Brazilian Finance Minister Guido Mantega said on Wednesday that inflation has peaked and indicators are pointing to a retreat to a lower level. Consumer prices rose in October at their fastest pace since April due to higher food prices, government data showed, though a measure of wholesale costs suggested relief should arrive in coming months
Prices as measured by the IPCA index rose 5.45% in the 12 months through October, said the national statistics agency, IBGE in Rio de Janeiro. Monthly inflation quickened to 0.59% from 0.57% in September while food and beverages prices rose 1.36% in October, the fastest monthly pace since November 2010.
Higher food prices in October were led by manioc flour and rice, which increased 18.2% and 9.9%, respectively.
The Getulio Vargas Foundation's IGP-DI index, which includes wholesale prices, fell 0.31% in October, data showed earlier on Wednesday, suggesting relief in coming months for consumer inflation. Producer prices fell 0.7%, led by a 1.9% drop in raw materials and 1.3% fall in agricultural production.
The IPCA index rises were within the government's target range of 4.5%, plus or minus 2 percentage points.
Although inflation has been above the centre of the target for over two years and is expected to remain so through 2013, the central bank has said it would keep interest rates at their current level of 7.25% for a sufficiently prolonged period, which economists say means most of 2013.
Slashing Brazil's historically high interest rates was a top priority for President Dilma Rousseff, who has been trying to support economic growth by encouraging investments and consumer credit.

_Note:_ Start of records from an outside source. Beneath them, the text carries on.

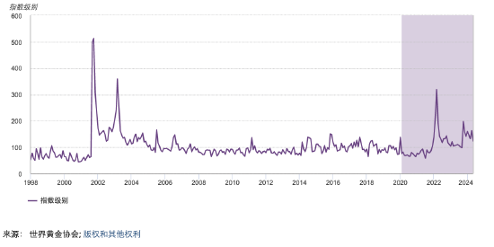 可以将目前的动荡局势简单归结为新常态,但近年来地缘政治风险始终处于上升态势,且不太可能在短期内得到缓解(图4)。政治两极分化、武装冲突频发、全球化进程受阻,而民族主义和结盟主义抬头,令不稳定的全球经济雪上加霜。地缘政治风险向来难以预测,可能在最意想不到的地方露出獠牙。然而黄金对地缘政治的反应却肉眼可见:地缘政治风险(GPR)指数每上升100点,金价就会上涨2.5%。2虽然有些只是短期影响,但也可能成为金融状况恶化的导火索,从而产生长期效应。
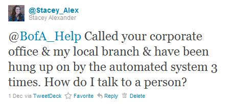 Due to some extenuating circumstances, I really needed to talk to my bank–Bank of America. I called them to no avail. In fact, I had to enter my card number twice, pushed the zero about 20 times only to discover it does nothing, and got hung up on three times. I was enormously frustrated. That’s when I took it to Twitter.
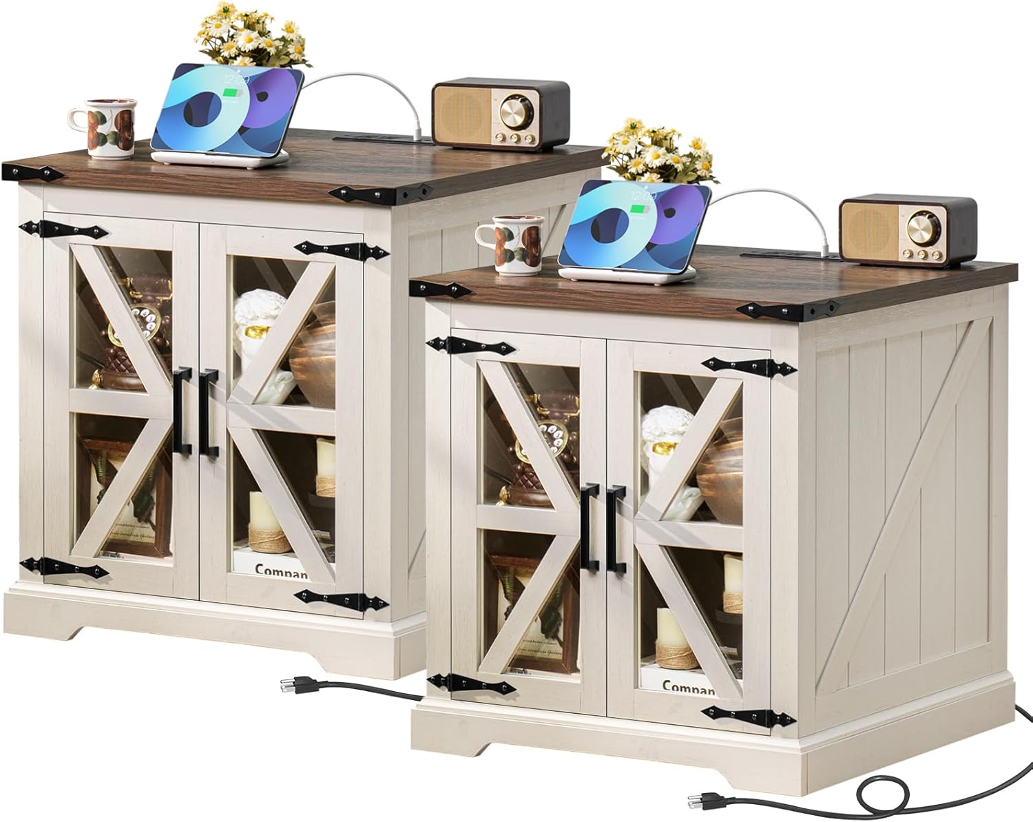 - š”[Farmhouse-Style end Table with Charging Station]This large end tables with generous storage is a perfect fusion of farmhouse and industrial metal styles. The exquisite barn-style tempered glass doors and the black metal corner accents add an elegant touch to the cabinet body, making it visually captivating from any angle.
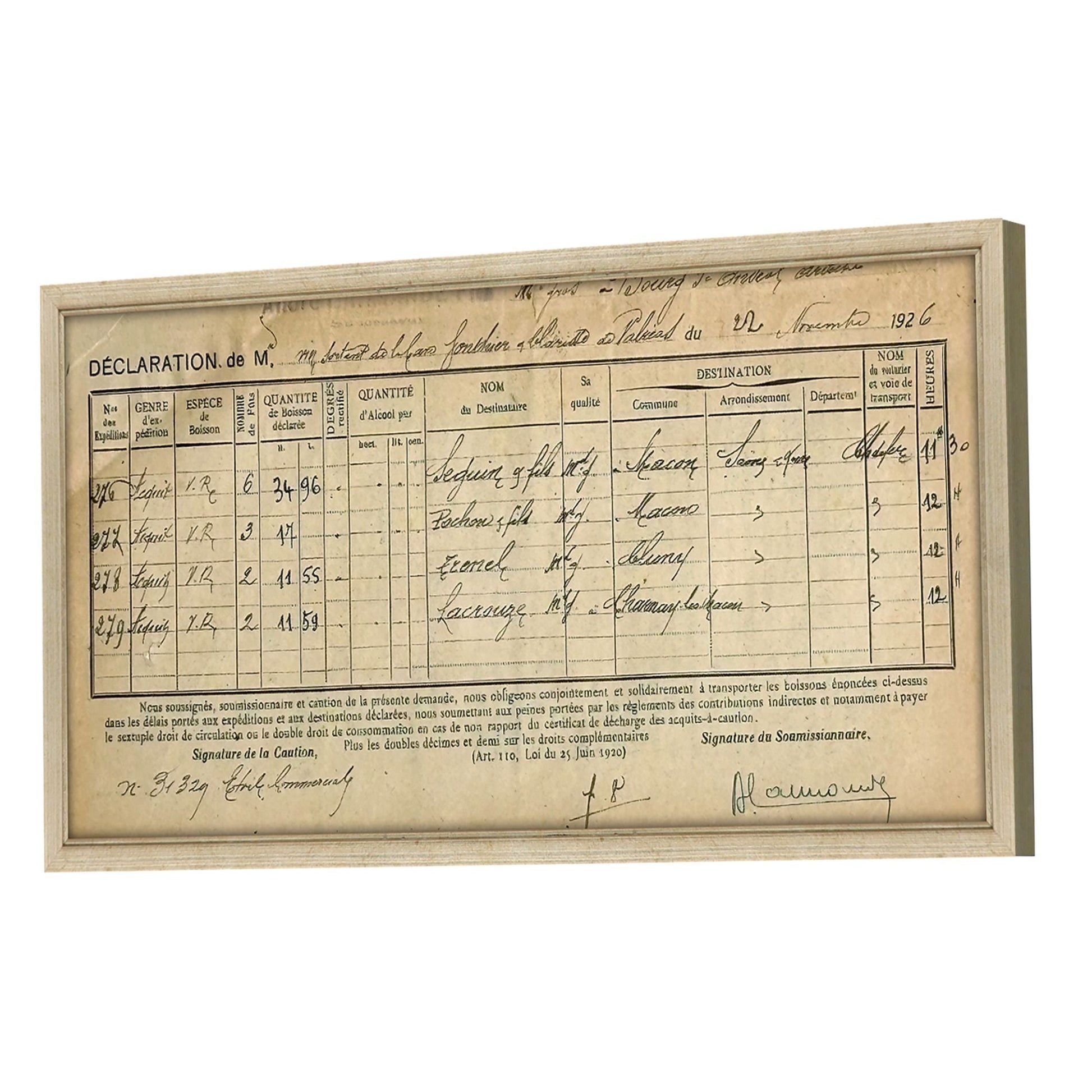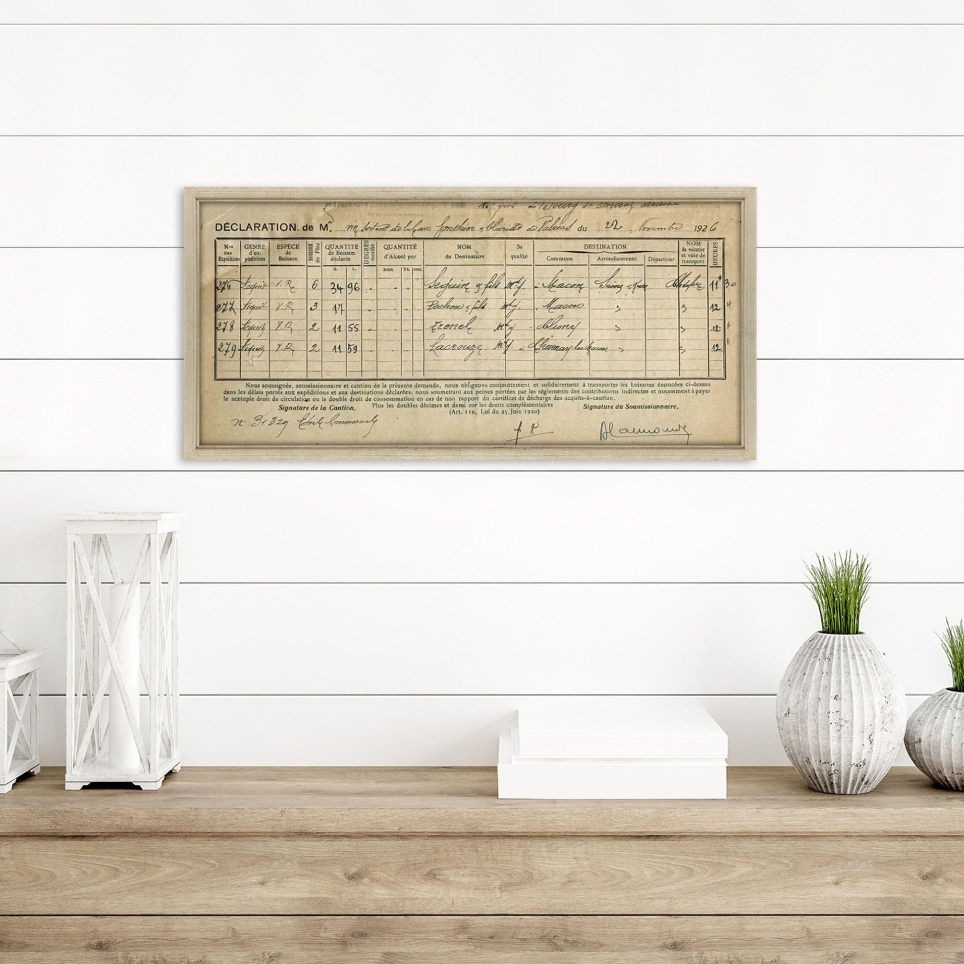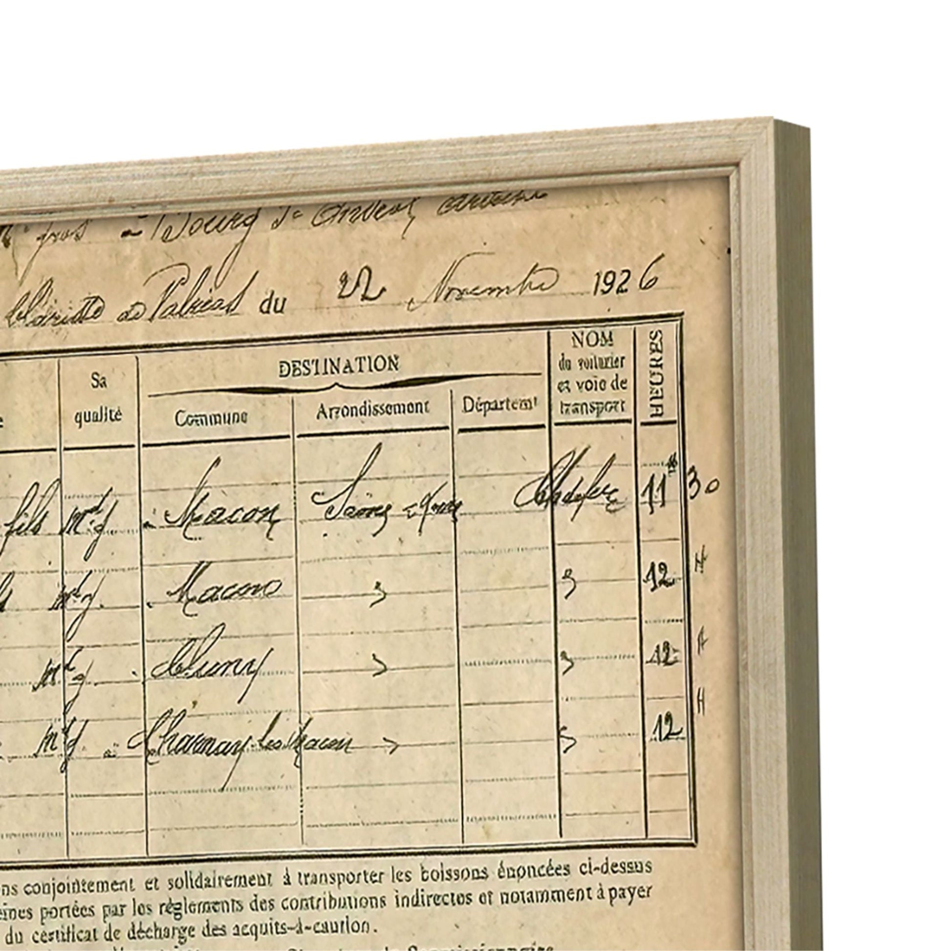 With an aged appearance and written etchings, French Deposit is a refined and elevated work of art. Framed in light-toned wood and presented in a landscape orientation, this piece will beautifully accent any side table or shelf.
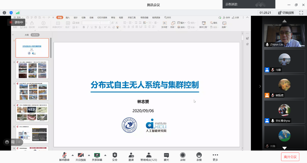 林志贇教授首先分享了他在乌鸦传媒学习的经历体会,并表达了对母校培养的感激之情。林教授在报告中介绍了多自主体系统的研究背景、研究意义以及近期的科研工作, 着重介绍了多自主体系统在智能工业过程的动力学分析、高效控制、一致性分析、分布式估计定位、系统的控制与分析等方面取得的一系列成果, 以及这些成果的创新点与科学意义。林教授的报告深入浅出,朴实生动,使大家对多自主体系统在工业过程中的应用研究有了更加深入的了解。
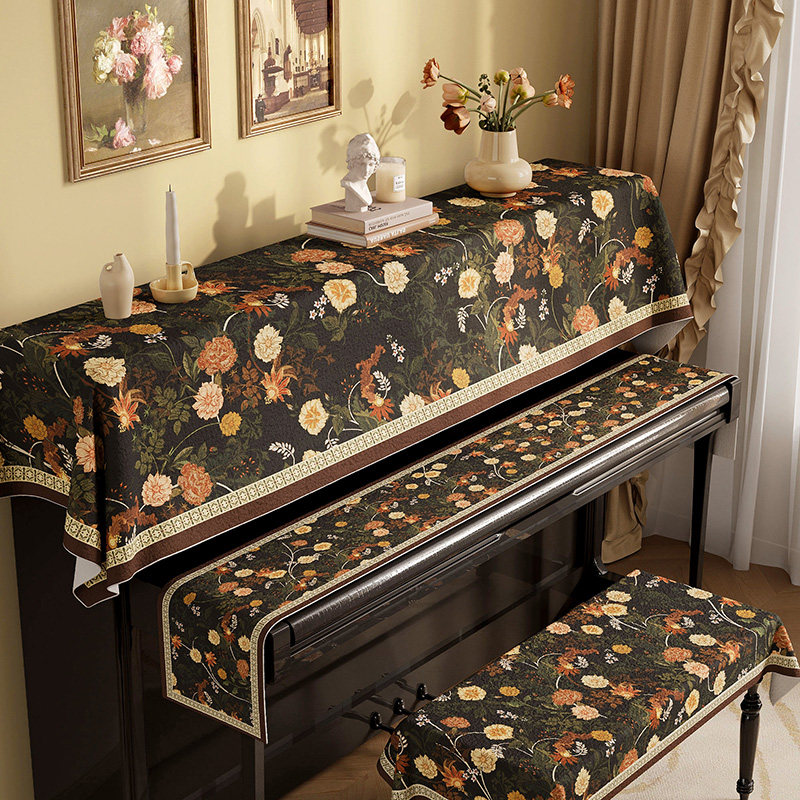 美式油画钢琴盖布防尘罩半罩电子琴轻奢高档高级感遮盖保护琴凳套
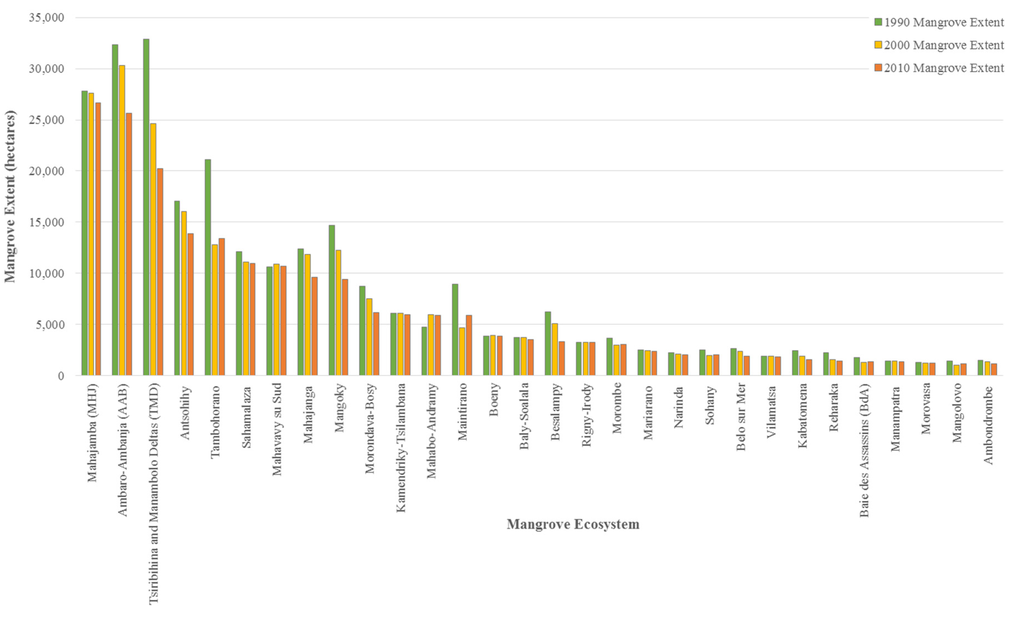 Considered independently, there are nearly 100 distinct, non-contiguous mangrove ecosystems in Madagascar; however, over 200,000 ha (circa 2010) are represented by 30 primary ecosystems, each greater than 1000 ha in size. Of these primary ecosystems, according to the USGS maps, as of 2010, MHJ had the greatest extent (i.e., 26,667 ha), followed by AAB (i.e., 25,664) and TMD (i.e., 20,242 ha) (Table 3; Figure 4). BdA, ranked as Madagascar’s 26th largest mangrove ecosystem, containing 1362 ha as of 2010. The extent in ha for 1990, 2000 and 2010 according to USGS-produced maps as partitioned by primary mangrove ecosystems are provided in Table 3 and Figure 4.
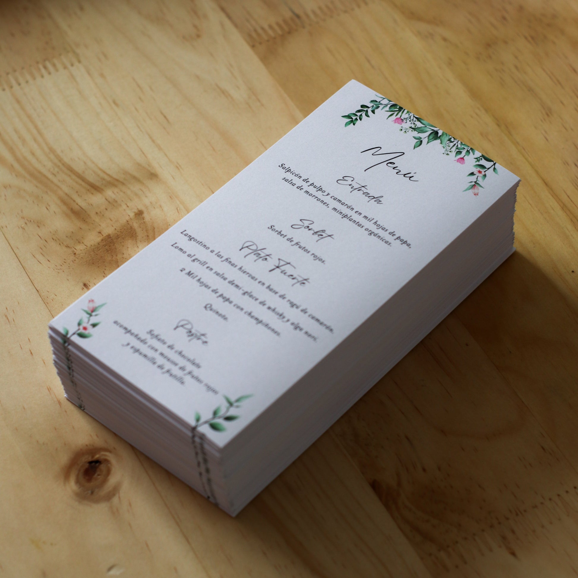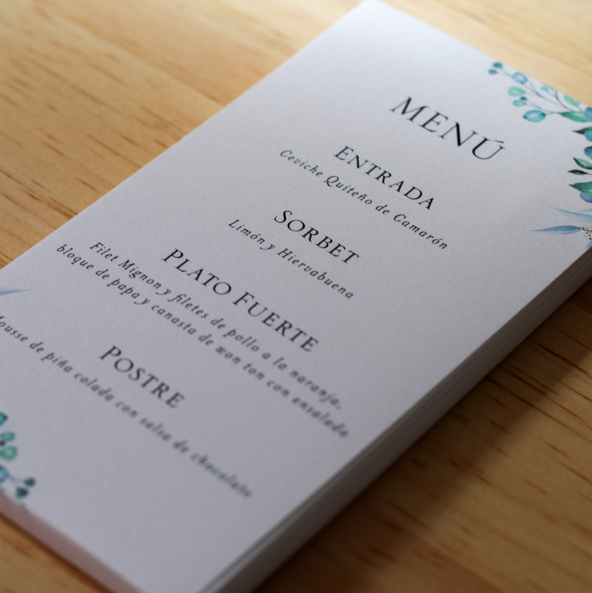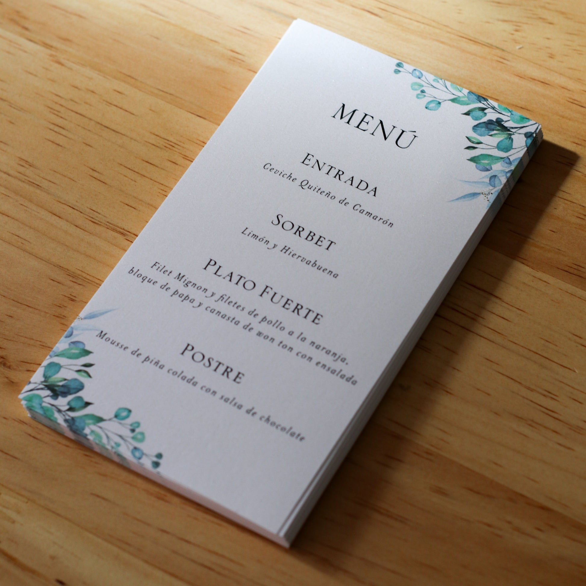 Impresos en un elegante formato de 10x21 cm, estos menús añadirán un toque armonioso a la decoración de cada mesa en tu banquete.
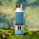 Botella De Agua Monograma bistró vintage en mosaico en azul y oro
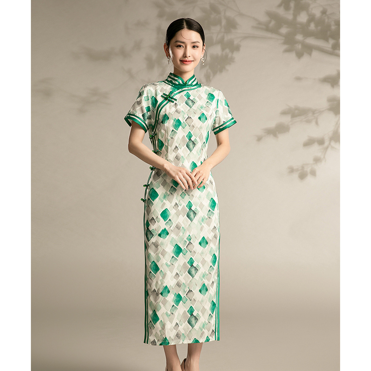 新中式旗袍格子夏季复古民国年轻少女气质改良国风旗袍 889567

Services’ prices remained far above the top end of the government's target, though, suggesting underlying pressures are poised to mount as the economy picks up in 2013.
According to private estimates, services costs gained 7.98% in the 12 months through October, thanks primarily to a low jobless rate. Brazil, the world's sixth-largest economy, is expected to grow by 4% in 2013 after an anaemic 1.5% growth forecast for this year.